Etiologi Clostridium Difficile Colitis
Etiologi dari clostridiosis adalah infeksi bakteri Clostridium difficile. Meskipun bakteri ini terdiri dari 400 strain tetapi hanya strain yang dapat menghasilkan toksin yang dapat menimbulkan penyakit. Infeksi Clostridium difficile yang termasuk dalam strain toksigenik juga masih mungkin dialami secara asimptomatik dikarenakan adanya pengaruh dari faktor host.[1,2]
Spora C. difficile dapat bertahan pada lingkungan selama beberapa bulan. Transmisi spora dapat terjadi ke pasien melalui kontak langsung petugas medis. Maka dari itu, mencuci tangan dengan sabun dan air mengalir serta penggunaan sarung tangan dapat mencegah penularan.[1,2]
Clostridium difficile menghasilkan 2 jenis toksin, yaitu enterotoksin (toksin A) dan sitotoksin (toksin B). Enterotoksin (toksin A) akan mengganggu ikatan sel mukosa kolon terhadap membran basal dan merusak vili yang terdapat di lumen kolon. Sitotoksin (toksin B) akan menyebabkan apoptosis dari sel.
Kedua toksin ini akan menstimulasi monosit dan makrofag untuk menghasilkan interleukin yang mengakibatkan infiltrasi jaringan oleh neutrofil dan sel imun lainnya, dan berdampak pada inflamasi di mukosa kolon.[1,2]
Faktor Risiko
Faktor risiko utama terjadinya clostridiosis adalah penggunaan antibiotik yang sering atau jangka waktu lama. Faktor risiko lainnya dapat berupa populasi lansia terutama yang menetap di panti jompo, higienitas yang buruk, anak-anak pada populasi daycare, dan riwayat rawat inap di rumah sakit yang sering atau lama, inflammatory bowel disease, riwayat operasi gastrointestinal, riwayat keganasan atau neoplasma, riwayat imunosupresi atau penggunaan obat-obatan imunosupresan, dan penderita gagal ginjal kronik.[2,4,6]
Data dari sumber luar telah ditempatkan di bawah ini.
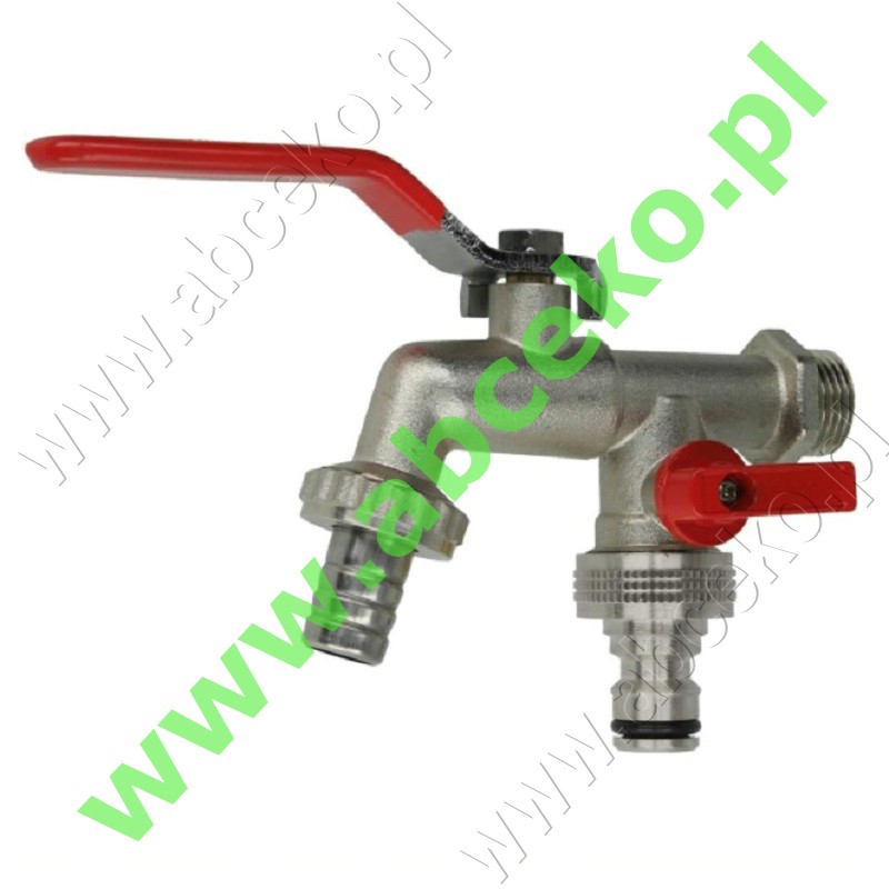 Podwójny zawór kulowy ½" ze stalową dźwignią i dwoma króćcami wylotowymi wyposażony jest w dwie różne dysze ¾" . Wąż ze złączem wtykowym można podłączyć do jednego złącza, a wąż bezpośrednio do drugiego

Penggunaan Antibiotik yang Sering dan Lama
Hampir semua penggunaan antibiotik yang lama dan sering, dapat dikaitkan dengan terjadinya clostridiosis, termasuk metronidazole dan vancomycin yang menjadi penatalaksanaan dari clostridiosis ini. Paparan antibiotik golongan penisilin, sefalosporin, clindamycin, dan fluorokuinolon memiliki risiko lebih tinggi untuk terjadinya clostridiosis dibandingkan antibiotik jenis lain.
Kasus clostridiosis didapatkan 8-10 kali lebih tinggi pada saat terapi antibiotik tersebut dan 4 minggu setelahnya. Risiko ditemukan 3 kali lebih tinggi pada 2 bulan setelah penggunaan dari antibiotik.[2,3]
Usia Lansia
Risiko clostridiosis meningkat 5-10 kali lipat pada populasi usia >65 tahun dibandingkan populasi usia <65 tahun. Usia lansia juga memiliki risiko lebih tinggi untuk mengalami clostridiosis derajat berat dan angka mortalitas yang tinggi.[2,5,6]
Riwayat Rawat Inap
Pada hari pertama rawat inap, insiden clostridiosis berkisar 2.1-20%. Angka ini semakin meningkat seiring dengan durasi rawat inap. Dalam 1 bulan perawatan, risiko meningkat dari 20 menjadi 45.4% menurut penelitian Huang et al, atau dari 2.1 menjadi 50% menurut penelitian Clabots et al. Pada durasi rawat inap >1 bulan, risiko meningkat dari 1 menjadi 50%, menurut penelitian oleh Johnson, et al.[2]
Kondisi Komorbid
Faktor risiko lainnya adalah penyakit penyerta seperti inflammatory bowel disease, keganasan, transplantasi, penyakit ginjal kronis, dan penggunaan imunosupresan. Penekanan pada asam lambung dengan proton pump inhibitor juga meningkatkan risiko clostridiosis tetapi hal ini masih membutuhkan studi lebih lanjut.